Dahiliyeye neden bu kadar çok başvuru yapılıyor?

Ondokuz Mayıs Üniversitesi Tıp Fakültesi İç Hastalıkları Anabilim Dalı'ndan Dr. Öğr. Üyesi Özgür Kılıç, son yıllarda iç hastalıkları polikliniklerine başvuruların belirgin şekilde arttığını belirterek metabolik ve kronik hastalıklardaki yükselişe dikkat çekti.

Ondokuz Mayıs Üniversitesi (OMÜ) Tıp Fakültesi Dahili Tıp Bilimleri Bölümü, İç Hastalıkları Anabilim Dalı’nda görev yapan Dr. Öğr. Üyesi Özgür Kılıç, iç hastalıkları polikliniklerine yapılan başvurularda son yıllarda gözle görülür bir artış yaşandığını söyledi. Bu artışın tesadüf olmadığını vurgulayan Kılıç, özellikle metabolik ve kronik hastalıkların toplum genelinde yaygınlaşmasının poliklinik yoğunluğunu doğrudan etkilediğini ifade etti. Kılıç, “Özellikle metabolik ve kronik hastalıkların son yıllarda belirgin şekilde arttığını görüyoruz” dedi.

İç hastalıkları polikliniklerine başvuran hastaların en sık karşılaştığı şikâyetlere değinen Dr. Öğr.

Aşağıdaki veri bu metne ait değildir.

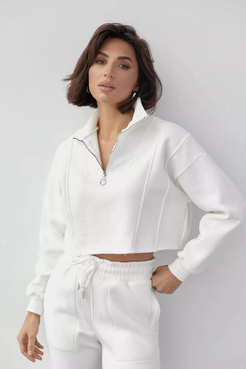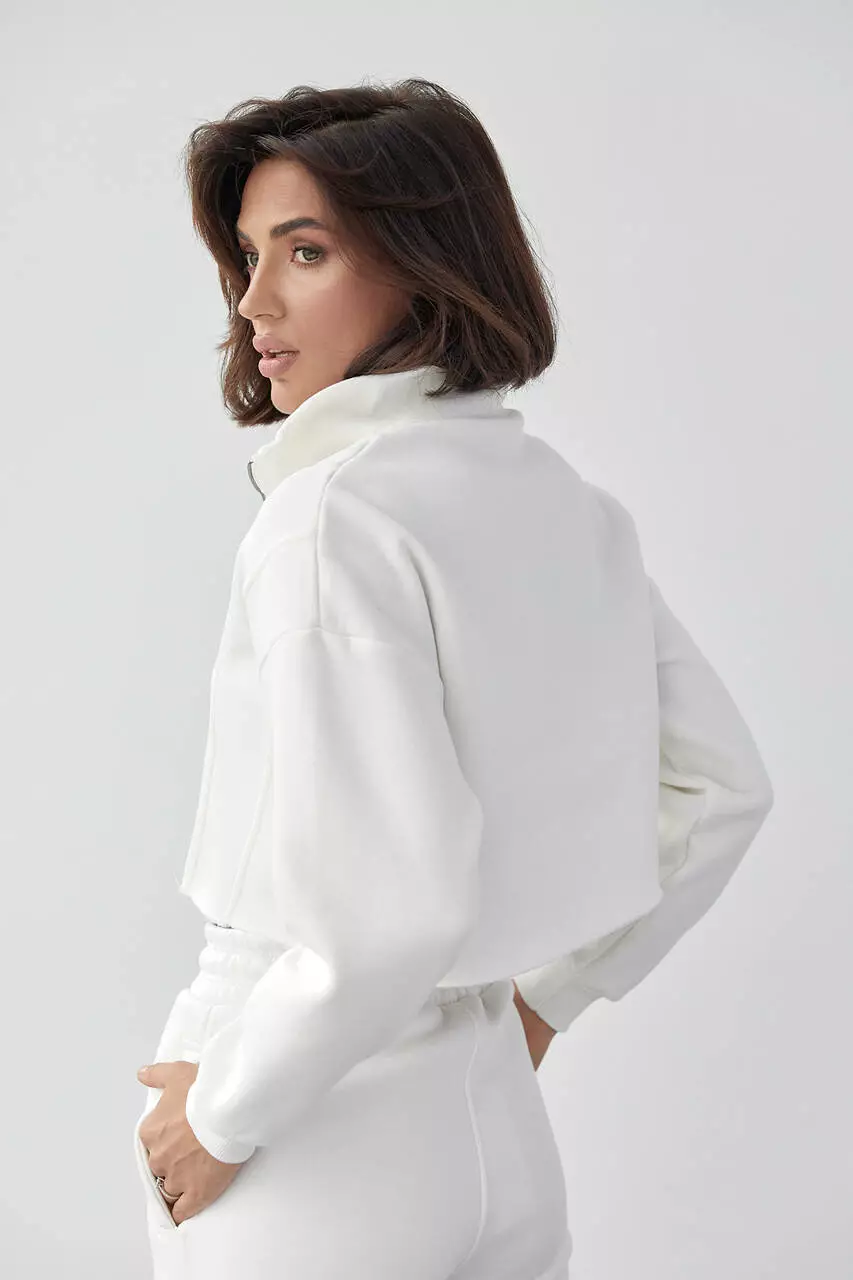 Этот теплый свитшот укороченной длинны станет прекрасным дополнением не только к спортивным штанам, но и к различным джинсам и другой одежде.

Üyesi Kılıç, halsizlik, yorgunluk, baş dönmesi, çarpıntı ve nefes darlığının ilk sıralarda yer aldığını belirtti. Kılıç, “Mide-bağırsak şikâyetleri, tansiyon yüksekliği, kan şekeri düzensizlikleri, kilo değişiklikleri, tiroit yakınmaları ve enfeksiyon bulguları da sık gördüğümüz başvuru nedenleri arasında yer alıyor. Son yıllarda obezite, insülin direnci, metabolik sendrom ve karaciğer yağlanmasıyla ilişkili başvurularda da belirgin bir artış var. Kronik hastalığı olan bireyler ise düzenli kontrol ve tedavi planlaması amacıyla sık başvuruyor” ifadelerini kullandı.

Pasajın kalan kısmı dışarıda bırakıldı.